Julian Knight said plans to decriminalise non-payment of the licence fee and considerations to get rid of the compulsory payment altogether had been abandoned. The Tory MP pointed the blame for the lack of vision for change at the door of No10, saying ministers appeared to have changed their minds on reform.

He told “They’ve bottled it politically.

“We know since Cain and Cummings left Downing Street that effectively the mood music has more than changed.

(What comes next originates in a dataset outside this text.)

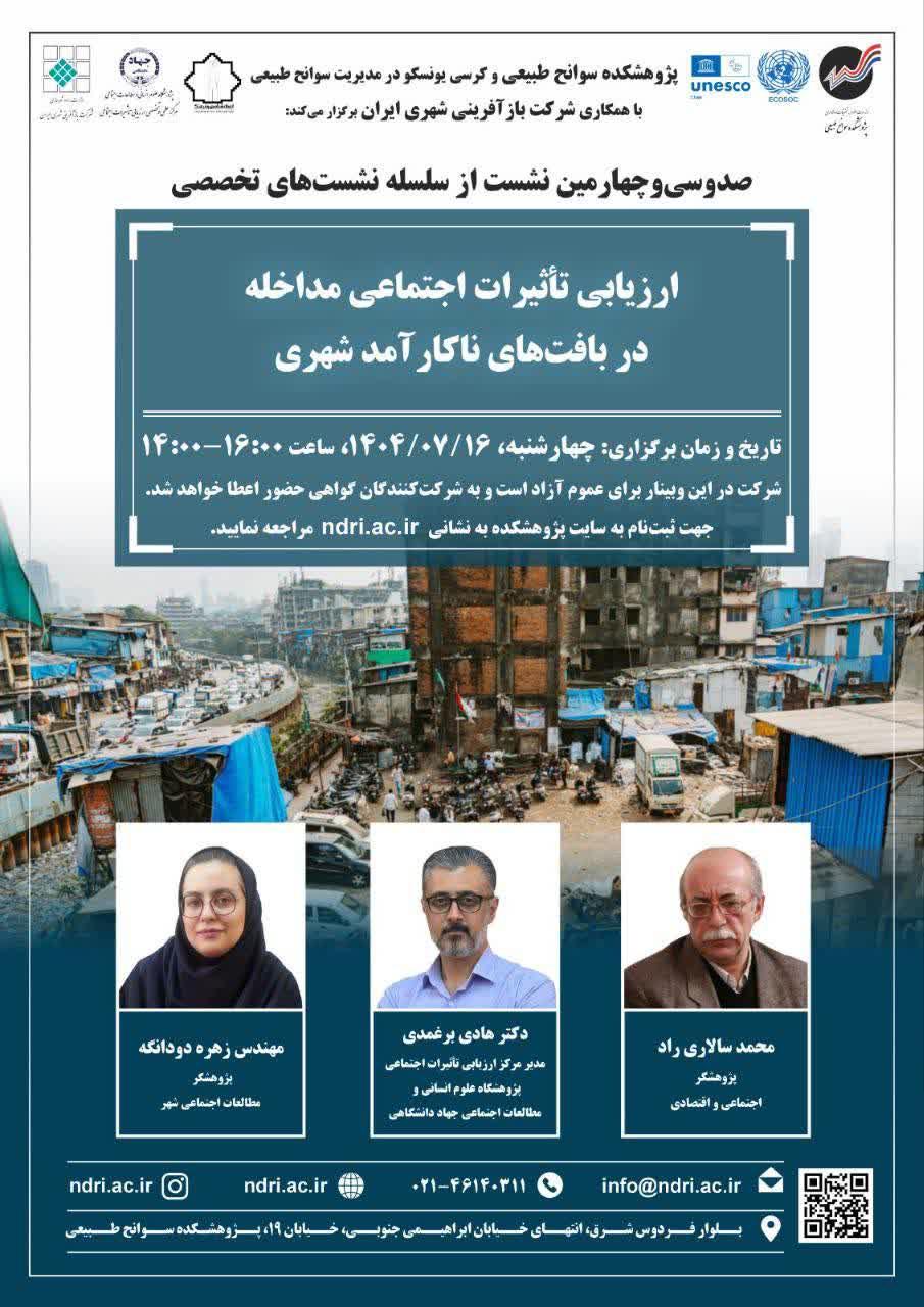 به گزارش روابط عمومی پژوهشگاه علوم انسانی و مطالعات اجتماعی جهاددانشگاهی؛ صد و سی و چهارمین نشست از سلسله نشست های تخصصی "ارزیابی تأثیرات اجتماعی مداخله در بافتهای ناکارآمد شهری" برگزار میشود. این سلسله نشست با همکاری پژوهشکده سوانح طبیعی و کرسی یونسکو در مدیریت سوانح طبیعی و مشارکت شرکت بازآفرینی شهری ایران برگزار می شود.

They’ve kicked decriminalisation into the long grass.

“It’s the worst of all worlds, because you make a decision ‘yes’ or ‘no’.

“I, personally, was convinced decriminalisation was the right way to go, partly because it largely impacts young women.

READ MORE: BBC funding crisis: 200,000 households cancel TV licence fee in a year

“The large number who are criminalised are young women.”

Boris Johnson’s chief of staff, Dominic Cummings, was seen to be leading the reform agenda in Downing Street, but both he and Director of Communications, Lee Cain, left their positions last autumn.

The Government last year announced it was launching a review on whether to decriminalise the non-payment of the licence fee but shelved the plans in January.

Culture Secretary Oliver Dowden said the current system was “disproportionate and unfair” but no better alternative had been found.

He said the Government would keep the issue under “active consideration”.

Mr Knight told this website: “The Government, I don’t believe, is serious about reform anymore in any way.”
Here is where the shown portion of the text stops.